Suzanne Ardanowski
3-4-08
Feeling Brain
I am writing my research paper on memory, which I was just working on all day. I need some sleep so that my learned memories can fully consolidate and enhance! To pull off of some ideas in my paper and in the reading, I am thinking more about consolidation and reconsolidation. McGaugh says that consolidation is evolutionary and occurs over time. The issue of how much time seems to be dependent on what type of memory is being consolidated. In some of the amnesia cases, (McGaugh) a woman lost recollection of her second language following a stroke, HM lost a few years before his surgery, people lost remembrances of changes done to their house prior to a brain injury.
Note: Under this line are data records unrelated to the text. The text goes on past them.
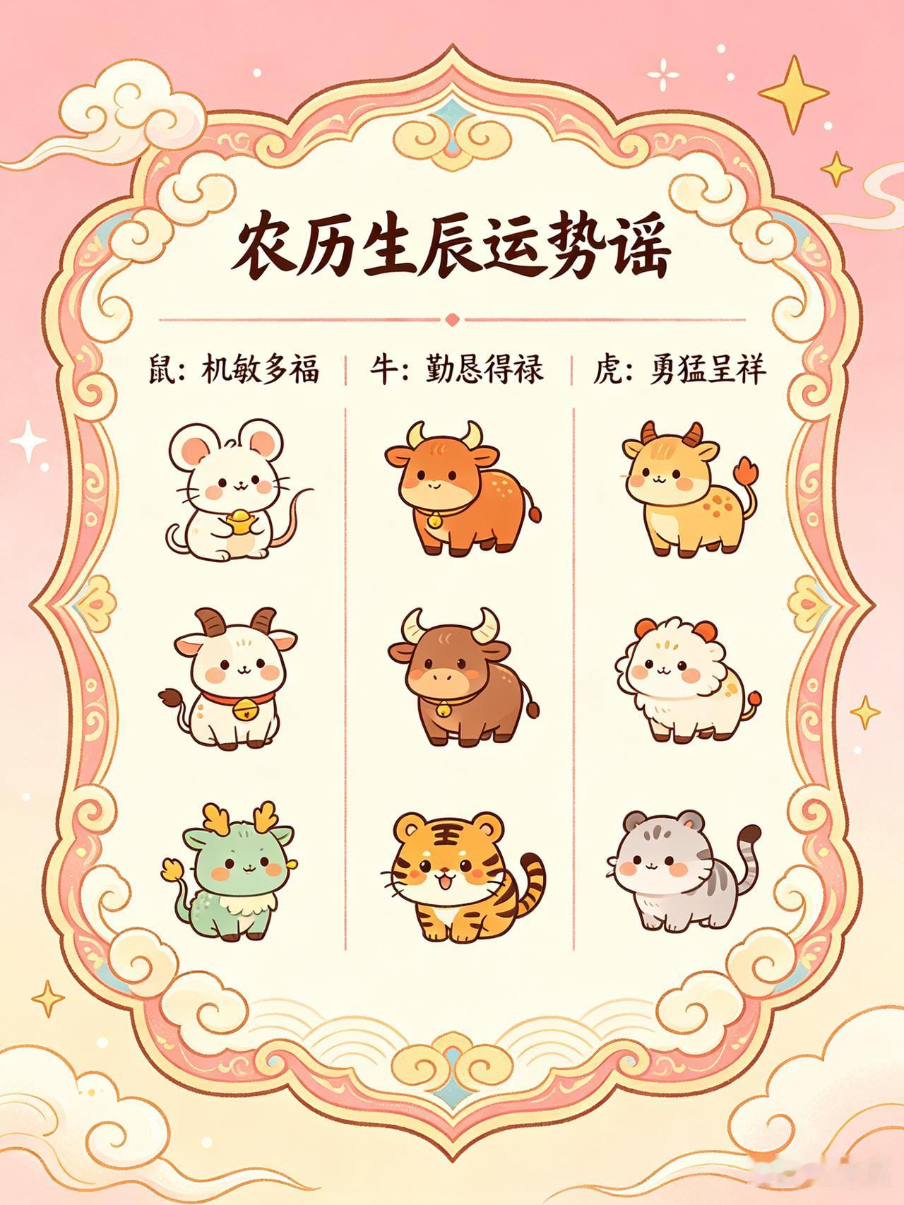 农历生辰运势谣 1、福气随身正月生 2、踏实肯干二月生 3、聪慧灵秀三月生
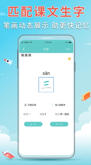 2、小学语文识字:系统学习汉字,包含笔顺、发音、部首、笔画、结构等多个内容。
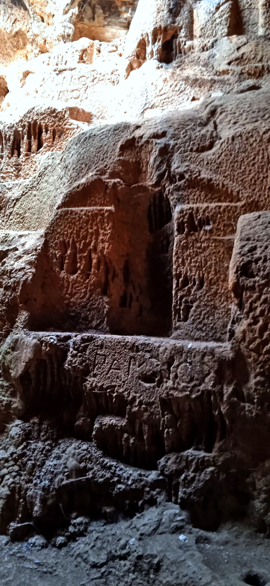 Σύμφωνα με τις επιγραφές, διαμορφώθηκε σε ιερό από τον Θηραίο γλύπτη Αρχέδημο, που λάξευσε σκαλοπάτια, επιγραφές και ανάγλυφα ✒️.

Is it the type of memory that takes longer to consolidate and this is why it is lost or is it the way in which the brain is damaged, or both? Are certain memories thought to now take years to truly fully consolidate or does it just appear that way but in fact they are lost because of the way the damage occurred and not necessarily because they were not consolidated? I think it is interesting how evolution, nature, God, universe-whatever the case may be-seems to have the implicit procedural/motor skills as more resilient to amnesia than episodic, explicit memories. Is this a fair observation? I also like the associative memory network for fear on page 213 in Ledoux. I think you can even expand on this by adding a whole unconscious level as well.